Background: We investigated whether there had been an improvement in quality of reporting for randomised controlled trials of acupuncture since the publication of the STRICTA and CONSORT statements. We conducted a before-and-after study, comparing ratings for quality of reporting following the publication of both STRICTA and CONSORT recommendations.
Methodology and Principal Findings: Ninety peer reviewed journal articles reporting the results of acupuncture trials were selected at random from a wider sample frame of 266 papers. Papers published in three distinct time periods (1994-1995, 1999-2000 and 2004-2005) were compared. Assessment criteria were developed directly from CONSORT and STRICTA checklists. Papers were independently assessed for quality of reporting by two assessors, one of whom was blind to information which could have introduced systematic bias (e.g. date of publication).
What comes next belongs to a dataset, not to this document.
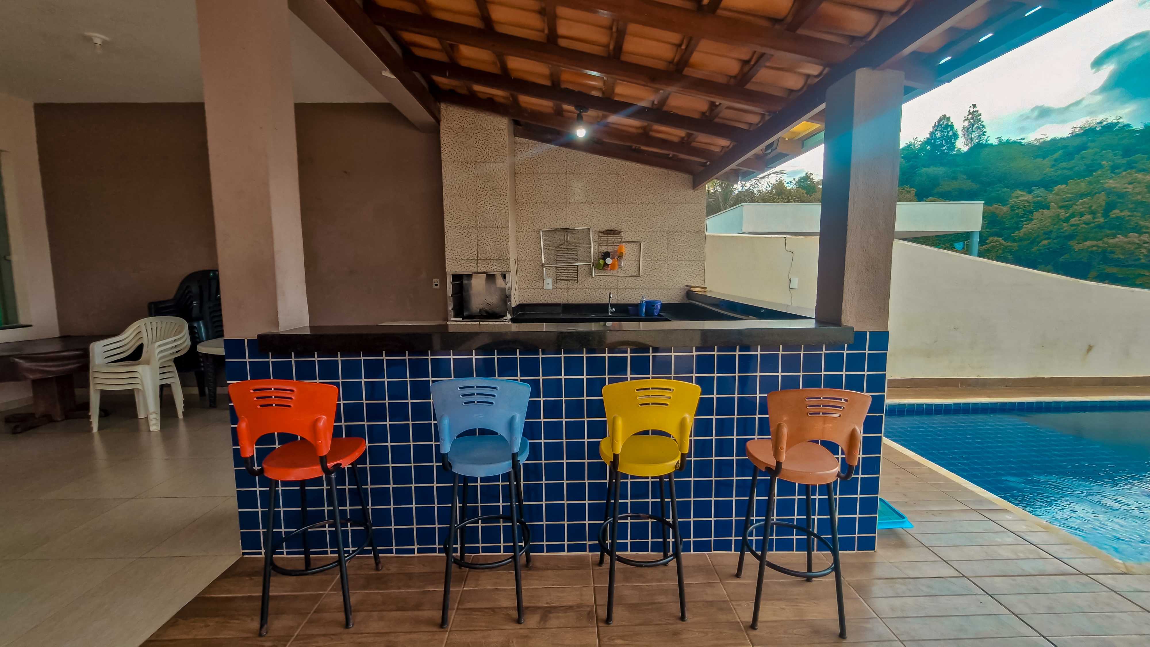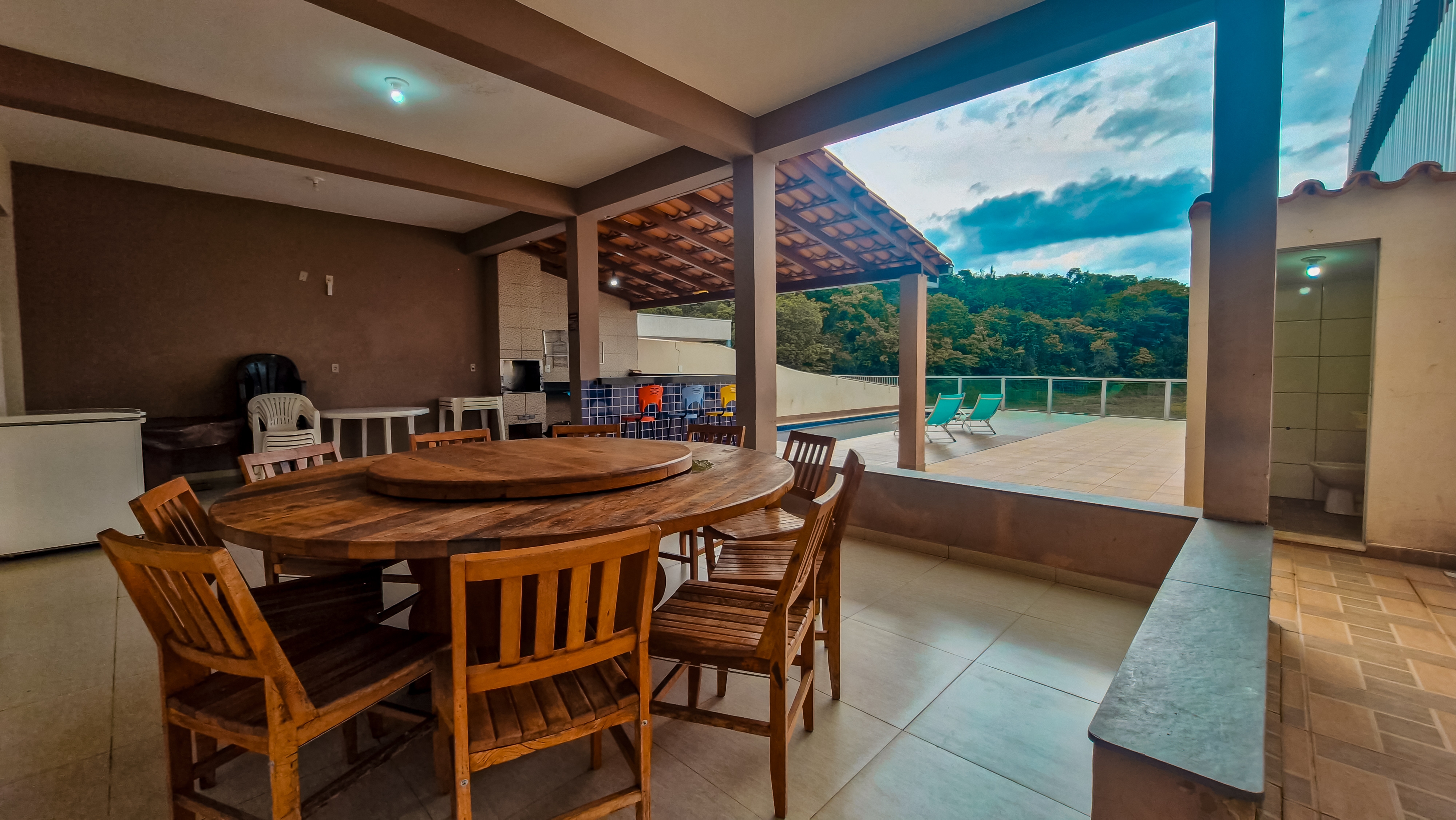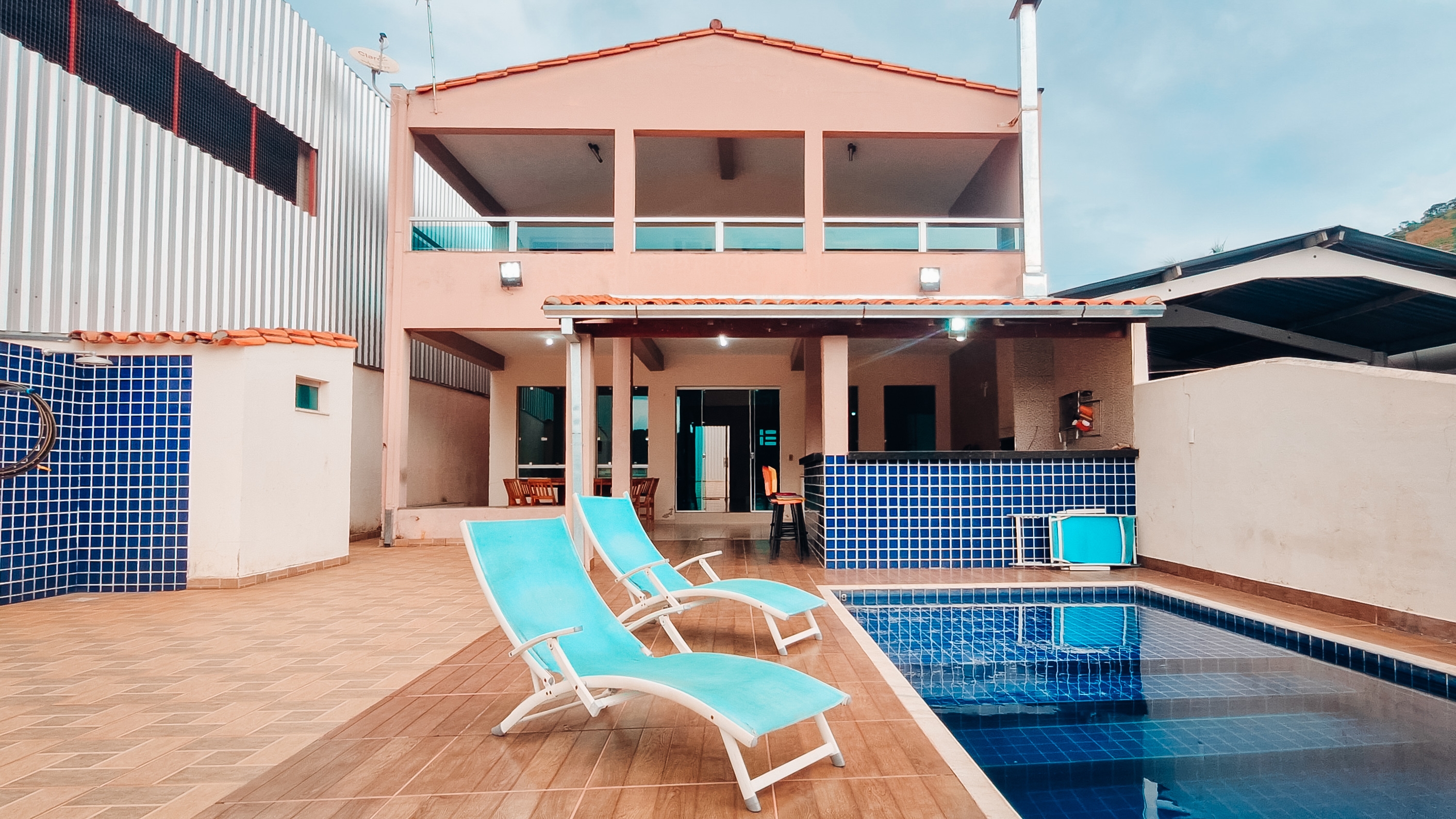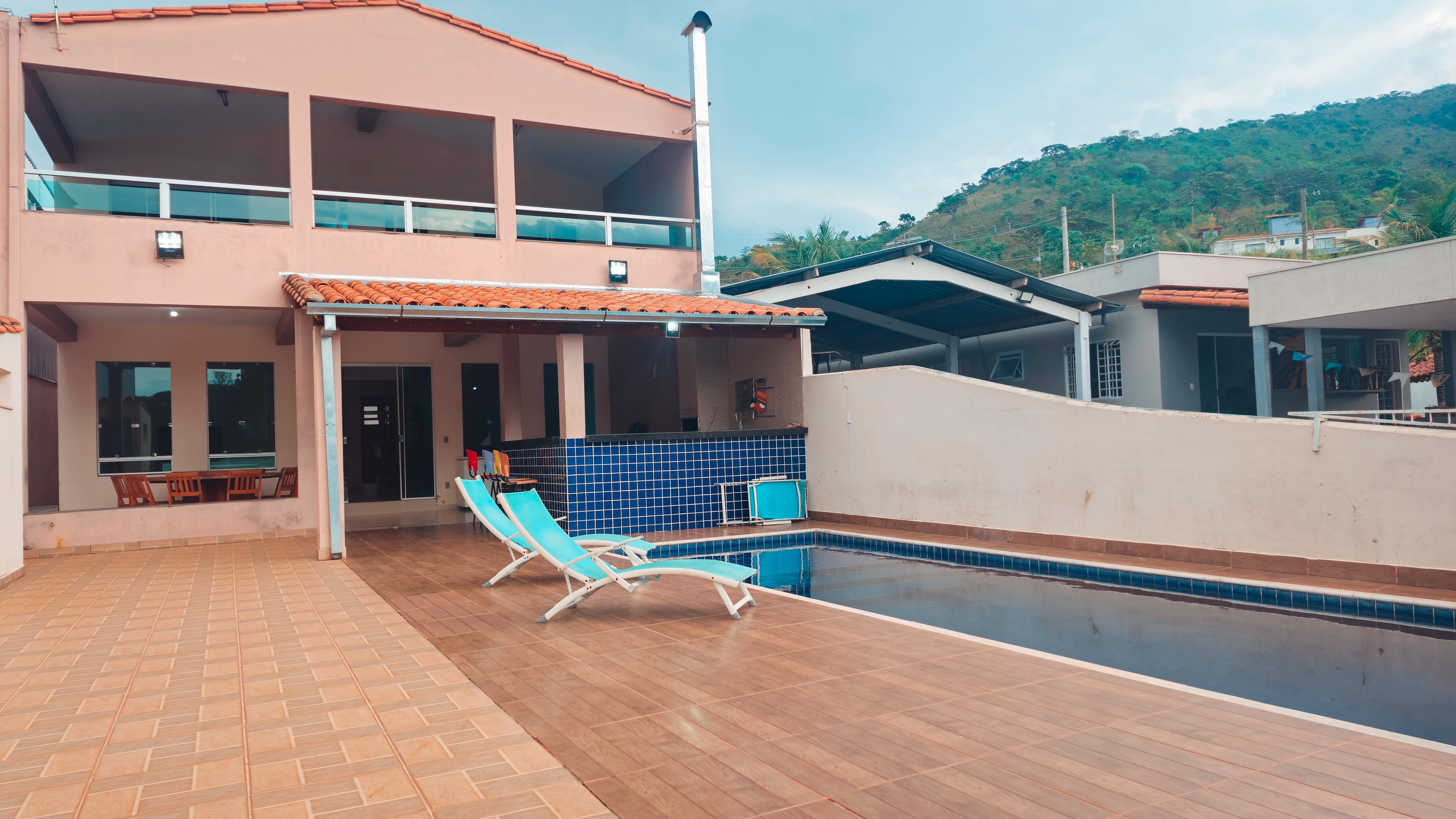 Para garantir momentos de descontração e lazer, temos um espaço gourmet com churrasqueira de alvenaria, lavabo, uma ducha refrescante e uma piscina convidativa. Na parte de cima, mais 4 suítes, todas com cama de casal e de solteiro, proporcionando o conforto necessário para uma estadia revigorante.

We detected a statistically significant increase in the reporting of CONSORT items for papers published in each time period measured. We did not, however, find a difference between the number of STRICTA items reported in journal articles published before and 3 to 4 years following the introduction of STRICTA recommendations.
Conclusions and Significance: The results of this study suggest that general standards of reporting for acupuncture trials have significantly improved since the introduction of the CONSORT statement in 1996, but that quality in reporting details specific to acupuncture interventions has yet to change following the more recent introduction of STRICTA recommendations. Wider targeting and revision of the guidelines is recommended.